The data:
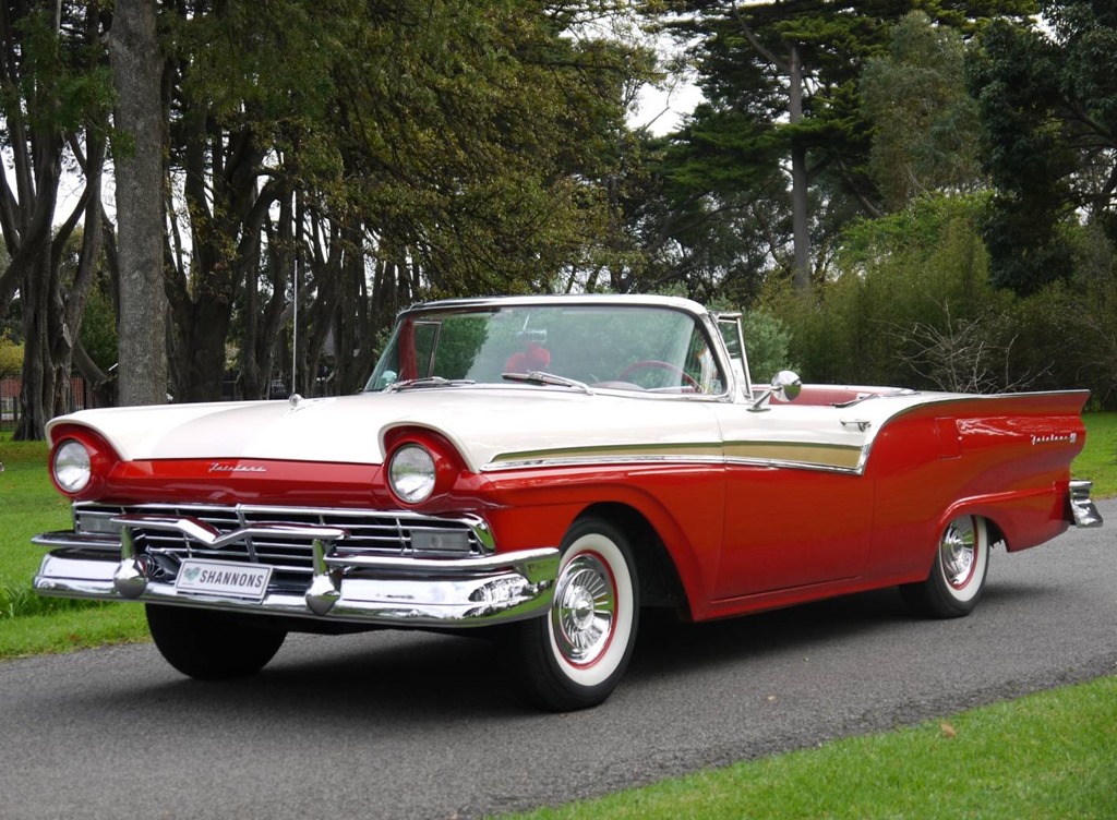 Equipped with the higher-option 312-cid V8 and Ford-O-Matic automatic transmission, the Skyliner is beautifully presented in the period two-tone colour scheme of Flame Red/Colonial White with matching red/white upholstery, making it the perfect cruise car and a rare sight in Australia.
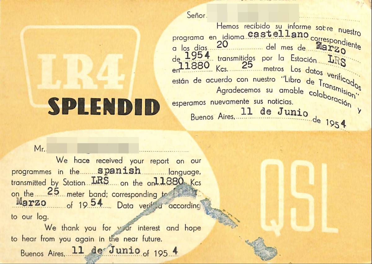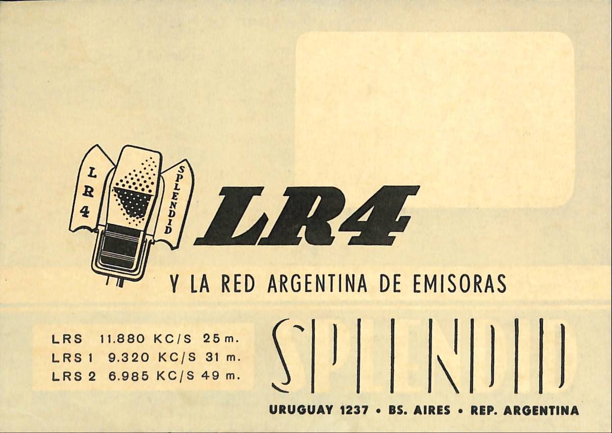 | 【商品名】・・・RADIO SPLENDID (★LR4・ラジオ・スプレンディッド )のベリカード。 【コメント】・・・スペイン語が主で小出力の為、日本での受信は困難です! ■当方、1枚のみ所有していますので即決で落札者様のコレクションになります! 【国名・地名】・・・アルゼンチン共和国★首都 ブエノスアイレス。 【受信データ】・・・1954年3月20日・SW11880KHZを受信。 【記載事項】・・・受信データ・受信者の氏名が記載。 【状態】・・・シワ、汚れ、シミ、焼け、ハガレ、糊跡、色あせ等があります。 ■カードの状態は★画像を参考に判断して下さい。 ■この機会にぜひこのベリカードを貴方のBCLコレクションに加えて下さい! | |
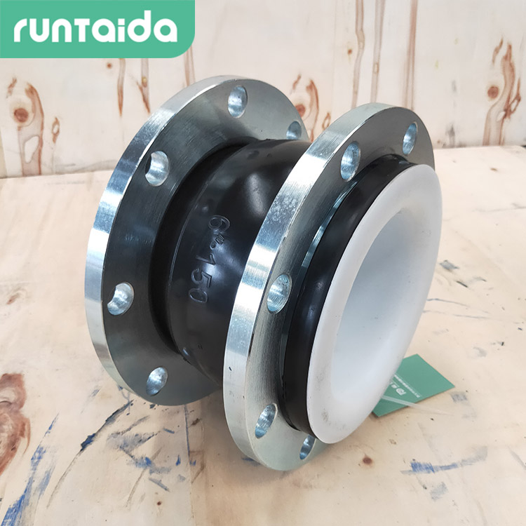 襯四氟橡膠接頭係用於(yú)金(jīn)屬管道之間起撓性連接作用的中空(kōng)橡膠製品。由(yóu)內外層膠、簾布層(céng)和鋼絲圈組成管狀橡(xiàng)膠件,經硫化成(chéng)型(xíng)後再與金屬法蘭或平行接頭鬆套組合而成。此產品可降低震動及(jí)噪聲(shēng),並可對因溫度變化(huà)引(yǐn)起的熱脹(zhàng)冷縮起補償(cháng)作用(yòng),廣泛應用於各種管道(dào)係(xì)統。該產品是錦通公司采(cǎi)用氣吹模具(jù)新工藝製造,係內膠(jiāo)層、增強層、中膠層(céng)、外膠層複合的(de)球體和鬆套鍛打低碳鋼法蘭(lán)組成的產品,具有耐壓高、彈性好、位移量大、減振降噪效果好,安裝方便等特點(diǎn)。除此(cǐ)之外該產品具有良好的耐酸(suān)堿性能,化學狀(zhuàng)態穩定,能夠大大降低腐蝕性介質對於橡膠接頭的(de)侵蝕影響。可廣泛(fàn)用與(yǔ)給(gěi)排水、暖(nuǎn)通空調、消防、壓(yā)縮機、造紙、製藥、船舶、水泵(bèng)、風機等管道係統。
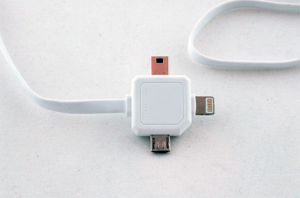 Универсальный USB-кабель с головками lighting, microUSB и miniUSB. А то у меня три разных кабеля на столе болтались (есть устройства с miniUSB и iPad mini), теперь заменил на одно.
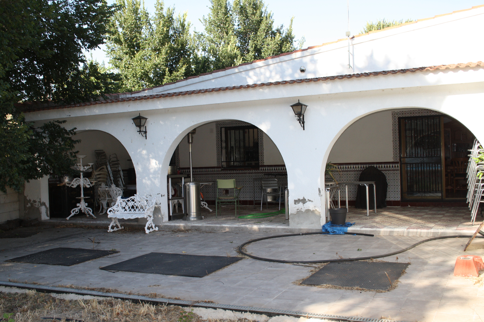 Un complejo hostelero junto al río Tajuña compuesto por una zona de aparcamientos, zona de jardines, 4 salones para eventos con sus respectivos baños, 2 barras de bar y 2 cocinas completamente equipadas que incluyen un espectacular horno, una gran parrilla para asar, una cámara frigorífica y almacén.
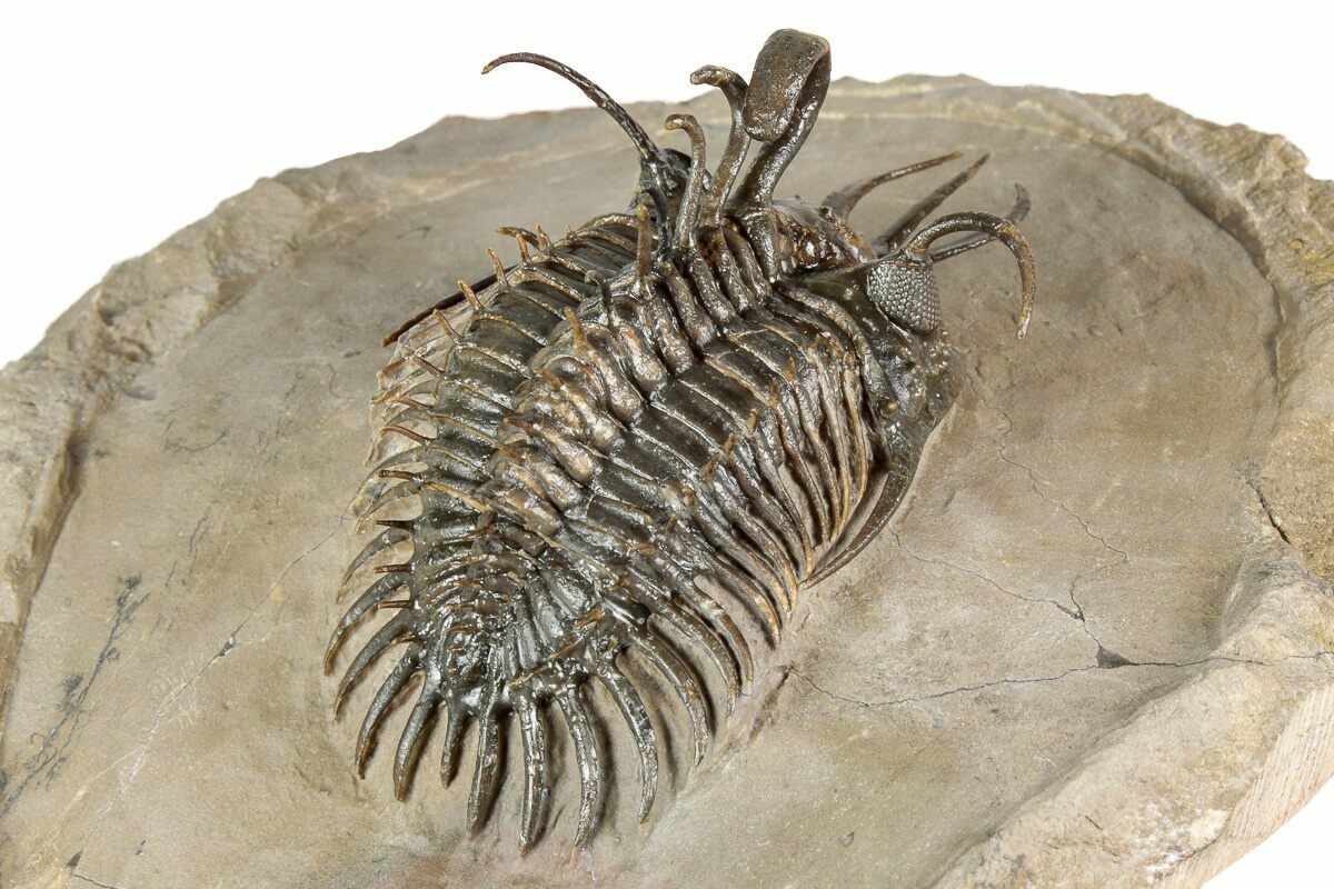 Due to the complexity of their anatomy and the challenges of preparing specimens from hard limestone matrix, well-preserved Walliserops fossils require meticulous preparation, and many of the finest examples are partially or fully freed from the rock to showcase their dramatic three-dimensional form.

What the task requires: The data above must be copied exactly. Leave out the pictures.

Answer to the exercise:
 Equipped with the higher-option 312-cid V8 and Ford-O-Matic automatic transmission, the Skyliner is beautifully presented in the period two-tone colour scheme of Flame Red/Colonial White with matching red/white upholstery, making it the perfect cruise car and a rare sight in Australia.
 | 【商品名】・・・RADIO SPLENDID (★LR4・ラジオ・スプレンディッド )のベリカード。 【コメント】・・・スペイン語が主で小出力の為、日本での受信は困難です! ■当方、1枚のみ所有していますので即決で落札者様のコレクションになります! 【国名・地名】・・・アルゼンチン共和国★首都 ブエノスアイレス。 【受信データ】・・・1954年3月20日・SW11880KHZを受信。 【記載事項】・・・受信データ・受信者の氏名が記載。 【状態】・・・シワ、汚れ、シミ、焼け、ハガレ、糊跡、色あせ等があります。 ■カードの状態は★画像を参考に判断して下さい。 ■この機会にぜひこのベリカードを貴方のBCLコレクションに加えて下さい! | |
 襯四氟橡膠接頭係用於(yú)金(jīn)屬管道之間起撓性連接作用的中空(kōng)橡膠製品。由(yóu)內外層膠、簾布層(céng)和鋼絲圈組成管狀橡(xiàng)膠件,經硫化成(chéng)型(xíng)後再與金屬法蘭或平行接頭鬆套組合而成。此產品可降低震動及(jí)噪聲(shēng),並可對因溫度變化(huà)引(yǐn)起的熱脹(zhàng)冷縮起補償(cháng)作用(yòng),廣泛應用於各種管道(dào)係(xì)統。該產品是錦通公司采(cǎi)用氣吹模具(jù)新工藝製造,係內膠(jiāo)層、增強層、中膠層(céng)、外膠層複合的(de)球體和鬆套鍛打低碳鋼法蘭(lán)組成的產品,具有耐壓高、彈性好、位移量大、減振降噪效果好,安裝方便等特點(diǎn)。除此(cǐ)之外該產品具有良好的耐酸(suān)堿性能,化學狀(zhuàng)態穩定,能夠大大降低腐蝕性介質對於橡膠接頭的(de)侵蝕影響。可廣泛(fàn)用與(yǔ)給(gěi)排水、暖(nuǎn)通空調、消防、壓(yā)縮機、造紙、製藥、船舶、水泵(bèng)、風機等管道係統。
 Универсальный USB-кабель с головками lighting, microUSB и miniUSB. А то у меня три разных кабеля на столе болтались (есть устройства с miniUSB и iPad mini), теперь заменил на одно.
 Un complejo hostelero junto al río Tajuña compuesto por una zona de aparcamientos, zona de jardines, 4 salones para eventos con sus respectivos baños, 2 barras de bar y 2 cocinas completamente equipadas que incluyen un espectacular horno, una gran parrilla para asar, una cámara frigorífica y almacén.
 Due to the complexity of their anatomy and the challenges of preparing specimens from hard limestone matrix, well-preserved Walliserops fossils require meticulous preparation, and many of the finest examples are partially or fully freed from the rock to showcase their dramatic three-dimensional form.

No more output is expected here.